Università Cattolica el Sacro Cuore, Brescia, 23/25 Marzo 2017

 

Giancarlo Pallavicini, in “Nuovi scenari socio-culturali e sfide globali”: Testimonianze

 

Può ripetersi una Torre di Babele?

Non aspiro al ruolo di Cassandra, anche perché confido nella Provvidenza Divina.  

Voglio soltanto rimarcare la grande attualità delle esortazioni della Populorum 

Progressio. E mi chiedo, e chiedo a Voi, se nei prossimi 50 anni la corsa al massimo

profitto possa riproporre la biblica vicenda della Torre di Babele.

Infatti, le vicende del recente passato e le prospettive del futuro appaiono ancora 

più bisognose di un nuovo e più virtuoso modo di intendere e vivere l’economia. 

Dall’epoca dell’Enciclica Populorum Progressio lo scenario appare aggravato da 

parecchie ombre.
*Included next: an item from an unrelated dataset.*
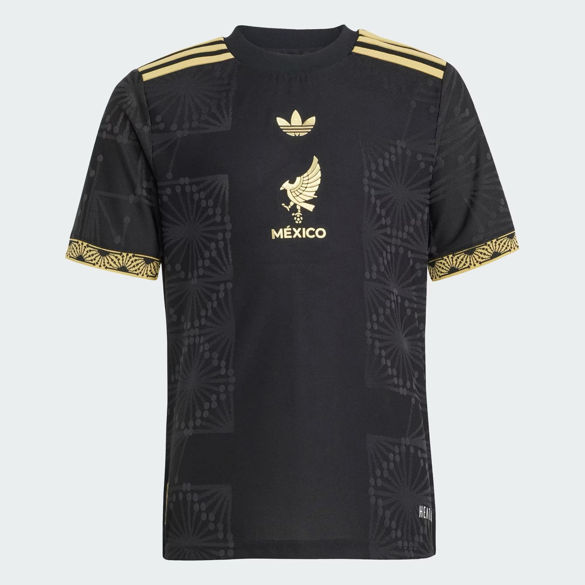 This juniors' adidas Mexico jersey is part of a kit designed to celebrate the nation's rich heritage. Built for on-field excellence, it includes ventilating HEAT.RDY to keep players focused and fans comfortable. Detailed in gold, a special team badge adds the perfect soccer finish. This product is made with 100% recycled materials. By reusing materials that have already been created, we help to reduce waste and our reliance on finite resources and reduce the footprint of the products we make.

Ed anziché unirsi per valutarle ed affrontarle, va affermandosi  

la tendenza a rinchiudersi nel proprio “particulare”, di guicciardiniana memoria, con 

ciò  sottraendosi alla comune ricerca di un mondo migliore. 

Valgano gli esempi della Brexit e delle chiusure di Trump, che sminuiscono il 

paradigma della globalizzazione, con gravi ripercussioni sul commercio mondiale

e sullo sviluppo dell’economia.

Non vi è chi non veda come tutto sembri orientarsi verso un interesse individuale o 

di gruppo e di nazione, che prescinde dagli altri. In un mondo che vive già gravi 

sperequazioni nella ripartizione della ricchezza e nell’utilizzo delle risorse, 

soprattutto di quelle alimentari, con diffusa presenza di poveri e di affamati. E’ noto

che dal 2015 l’1% della popolazione, che si è pure avvantaggiato della crisi,

possiede più ricchezze del restante 99%  dell’umanità. 

In Italia solo, si fa per dire, il 25%, a fronte del milione di famiglie senza lavoro (Istat)

Il tutto col contorno di rischi sistemici nella finanza, con un volume di derivati 

in aumento, nonostante sia partita da loro la crisi avviata negli anni 2007, che è pari

a 10 volte il Pil mondiale e che non potrà mai essere rimborsato, ma solo rinnovato 

con l’ingegneria finanziaria. 

Riguardo al futuro, ci troviamo sulla soglia di un veloce cambiamento indotto dall’ 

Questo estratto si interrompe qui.